When Drew and I first moved in the house, we used the upstairs bathroom while we remodeled the master bath. When Drew showered, I would always sit on top of the stairs and chat with him. We were doing our normal ritual when I heard “crash, boom, bang” coming from the shower. I looked over and of course Drew had fallen but it was how he landed that was priceless. His head was poking out of the bottom of the shower curtain which could only mean one thing – he was sideways with his ass in the air. So I started laughing, then he started laughing, then his butt started laughing, which made us both lose it because farts are always funny. It took at least 15 minutes for me to ask him if he was ok, and for him to un-pretzel himself.
This is the most difficult and the easiest thing I will ever write. Talk about my husband and about our love, and all the laughs – so easy. Saying it all in past tense – crushingly hard.

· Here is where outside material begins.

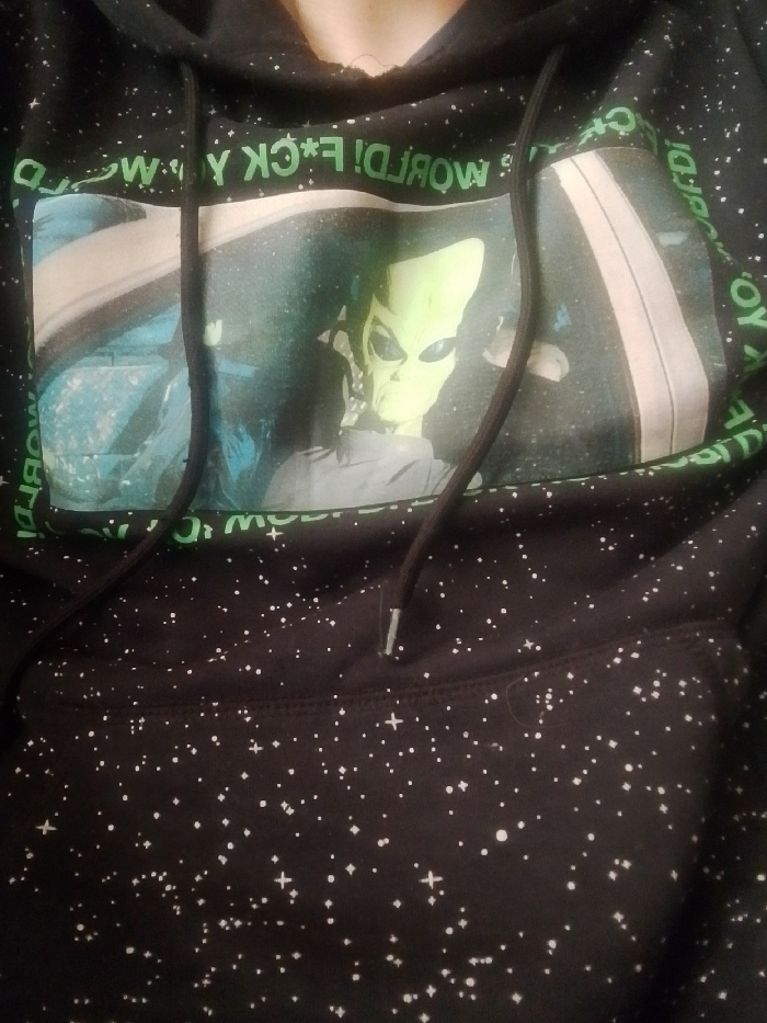The image displays a close-up, frontal view of an individual's upper torso, wearing a black hooded sweatshirt. The specific location within the city of Saint Petersburg, Russia, or any other geographical location, cannot be determined from the visual evidence. The hoodie features a large graphic print on the chest. This print depicts a light-green alien figure with large, dark, almond-shaped eyes and a prominent, elongated forehead, positioned within what appears to be a spacecraft cockpit or a similar confined futuristic environment. The background of the graphic includes shades of blue and grey, suggesting a view of a planet or celestial body from space, or a stylized interior. A neon green border with text, inverted and partially visible, surrounds the central graphic. Observable fragments include "WORLD! F*CK YO..." and "CYO". The remainder of the hoodie's fabric is black, covered with a dispersed pattern of small white dots and occasional cross-shaped specks, simulating a starry night sky or a galaxy. Black fabric drawstrings, tipped with metallic silver ferrules, are visible extending from the neckline of the garment. The top edge of a person's bare neck/collarbone area is faintly visible above the hoodie's neckline. No other individuals or actions are discernible. The immediate environment surrounding the person is not depicted.

Not a lot of people know this but Drew and I worked together at Fuddruckers when we were 17. Me – in the limelight as a counter girl and him as a scrawny kid making meat patties. We were both into the 90s rave scene – where it was fashionable to have pant bottoms so big you could hide the seven dwarves in the bottoms of your pants. We actually realized that we were at so many of the same places at the same time – that we had similar memories. At 32, we met again through a dating app, and the first night we spoke – we talked for 6 hours. Second night, 6 hours, third night – first date. I was so nervous about meeting him – and he said, well – if it helps, when I see you, I will probably kiss you. That oddly enough helped, So when I got to the restaurant – we shared our first kiss at the beginning of the date. Then we ate amazing food and Drew pretended to like sushi – he had never had it before. Then it was coffee and then we went back to his truck laid in the back and just talked. It was a dream – I knew instantly that this was it – I was lucky – I found my soul mate. Loving Drew is easy like Sunday morning.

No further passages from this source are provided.